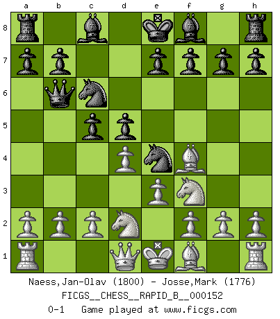 Last move : 0-1 2010 July 25 21:44:44 [Event "FICGS__CHESS__RAPID_B__000152"] [Site "FICGS"] [Date "2010.06.17"] [Round "1"] [White "Naess,Jan-Olav"] [Black "Josse,Mark"] [Result "0-1"] [WhiteElo "1800"] [BlackElo "1776"] 1.d4 d5 2.Nf3 Nf6 3.Bg5 Ne4 4.Bf4 c5 5.Nbd2 Nc6 6.e3 Qb6 0-1 This chess game has been lost on time (started : 2010.06.17 10:26:57) Torre attack (Tartakower variation) Player Black won this chess game. Follow this game move after move (download)I'm not a materialistic person, in that, I don't suffer the lack or loss of money. The absence of worldly goods I don't look back on. For Chess is a way I can be as materialistic as I want without having to sell my soul. (Jamie Walter Adams) Schach ist mein Leben, meine Leidenschaft, was ich gelernt habe und seit meinem 14. Lebensjahr profimässig praktiziere. Darauf zu verzichten, würde mir sehr schwer fallen. (Viktor Kortschnoi) El juego de Damas es para vagabundos. (Paul Morphy) Les échecs c'est le défi de l'alpiniste, toujours plus haut, prêt à tout pour monter à l'assaut du Roi ennemi. Les échecs, c'est de la musique en mouvement, un ballet majestueux pour les yeux. C'est de la poésie composée par les fantômes du passé qui au même titre que Rimbaud ou Verlaine méritent notre admiration. Les échecs, c'est de la peinture ou le moindre mouvement modifie le tableau pour en faire un Picasso ou un Van Gogh. Les échecs, c'est tout et rien, c'est la vie et la mort. Jjulie33 sur le forum de France-Echecs. All politicians must be presumed guilty until they are proven innocent. (Dinesh De Silva)
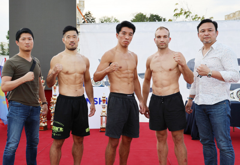 左から青津潤平、T-98、廣野、サモ・ペティ、RISE伊藤会長
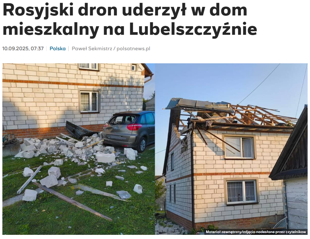 One of the highly publicised results of the 9–10 September drone incursion was the severe damage caused to a house in the Polish village of Wyryki-Wola. On 12 September, in his speech to the UN Security Council, Poland’s secretary of state Martin Botaski brandished a photo of the wrecked house as evidence that Russia had “tried to target Polish homes”.
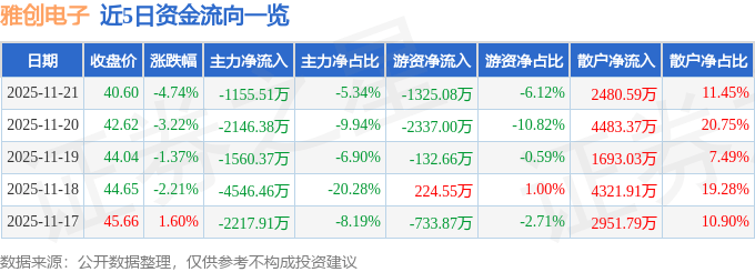 证券之星消息,截至2025年11月21日收盘,雅创电子(301099)报收于40.6元,下跌4.74%,换手率5.87%,成交量5.27万手,成交额2.17亿元。
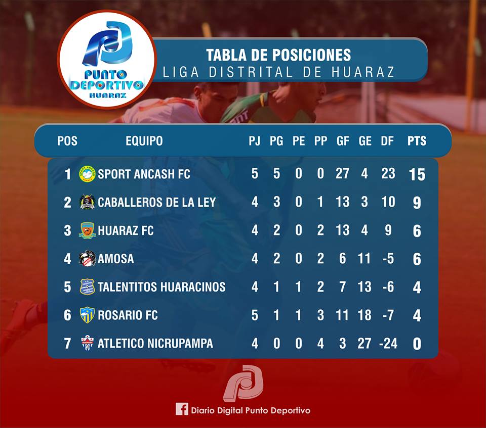 Este domingo se jugará la sexta fecha de la Liga Distrital de Fútbol de Huaraz. Sport Ancash tendrá como rival al Deportivo Amosa.
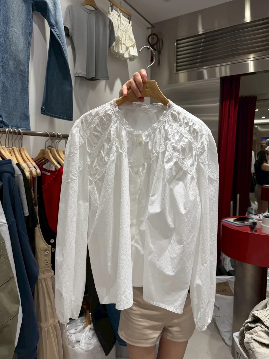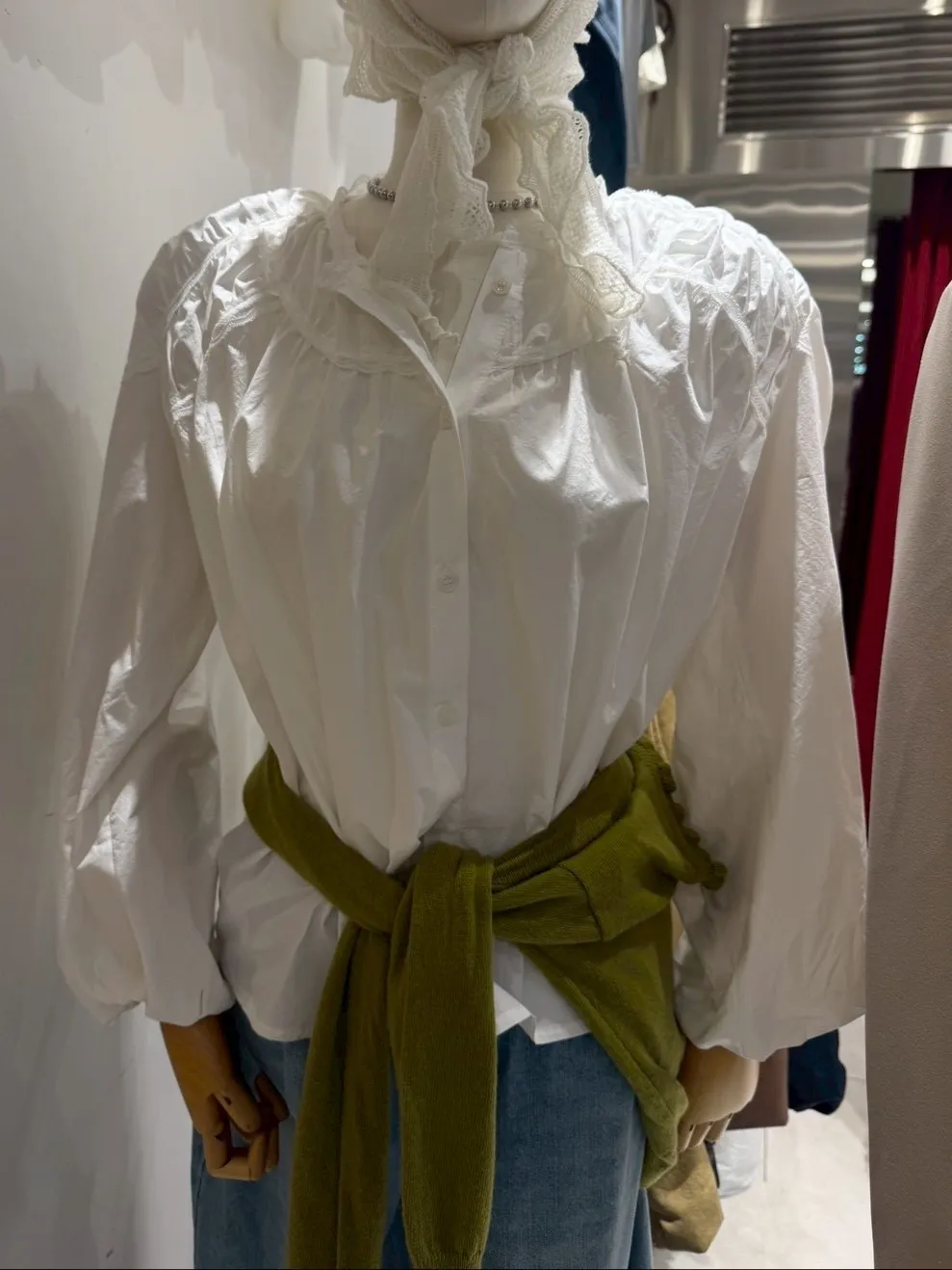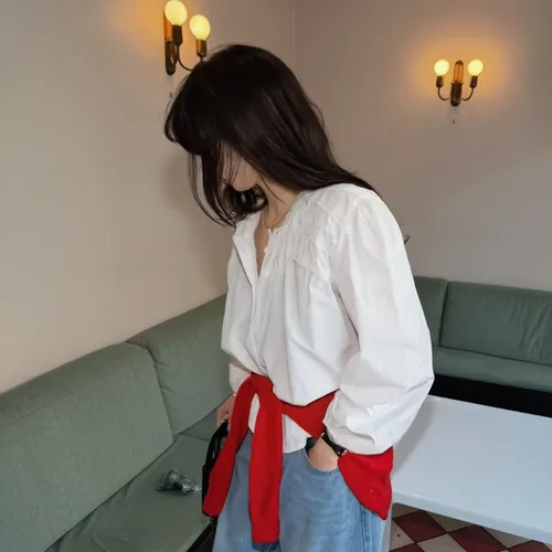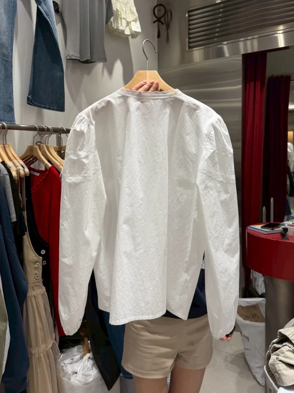 B3112 澎澎造型氣質蕾絲白襯衫

Aim of the exercise: An exact transcription is needed, covering the line with "证券之星消息,截至2025年" and every line after it to the end of the entries, but not the pictures.

Result of the exercise:
 证券之星消息,截至2025年11月21日收盘,雅创电子(301099)报收于40.6元,下跌4.74%,换手率5.87%,成交量5.27万手,成交额2.17亿元。
 Este domingo se jugará la sexta fecha de la Liga Distrital de Fútbol de Huaraz. Sport Ancash tendrá como rival al Deportivo Amosa.
 B3112 澎澎造型氣質蕾絲白襯衫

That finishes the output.